* **TASK STATEMENT**:
Would you please repeat exactly the entries below, starting at the line with "Bicchiere Bio Eco" and ending at the line with "據合肥市應急管理局官網消息,2019年8", and nothing outside that range? Leave out the pictures.

* **EXCERPTED RECORDS**:

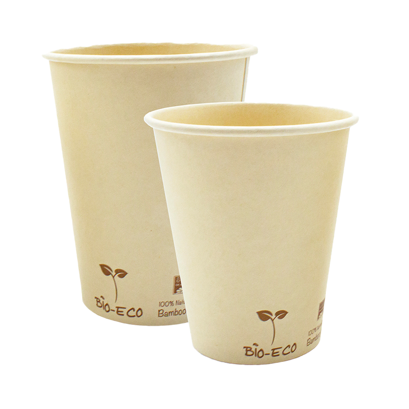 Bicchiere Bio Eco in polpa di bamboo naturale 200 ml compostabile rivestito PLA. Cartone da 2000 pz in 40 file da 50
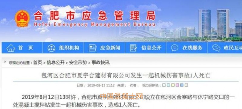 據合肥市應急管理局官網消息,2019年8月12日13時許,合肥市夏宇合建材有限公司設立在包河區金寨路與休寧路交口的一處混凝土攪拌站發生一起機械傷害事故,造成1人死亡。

--

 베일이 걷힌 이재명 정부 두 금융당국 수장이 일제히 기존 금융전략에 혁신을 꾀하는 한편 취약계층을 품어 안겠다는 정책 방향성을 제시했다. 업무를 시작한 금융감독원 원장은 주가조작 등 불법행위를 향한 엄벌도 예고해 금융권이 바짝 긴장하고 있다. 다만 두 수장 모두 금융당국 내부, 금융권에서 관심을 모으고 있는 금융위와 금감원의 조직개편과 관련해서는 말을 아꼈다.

* **ANSWER SECTION**:
 Bicchiere Bio Eco in polpa di bamboo naturale 200 ml compostabile rivestito PLA. Cartone da 2000 pz in 40 file da 50
 據合肥市應急管理局官網消息,2019年8月12日13時許,合肥市夏宇合建材有限公司設立在包河區金寨路與休寧路交口的一處混凝土攪拌站發生一起機械傷害事故,造成1人死亡。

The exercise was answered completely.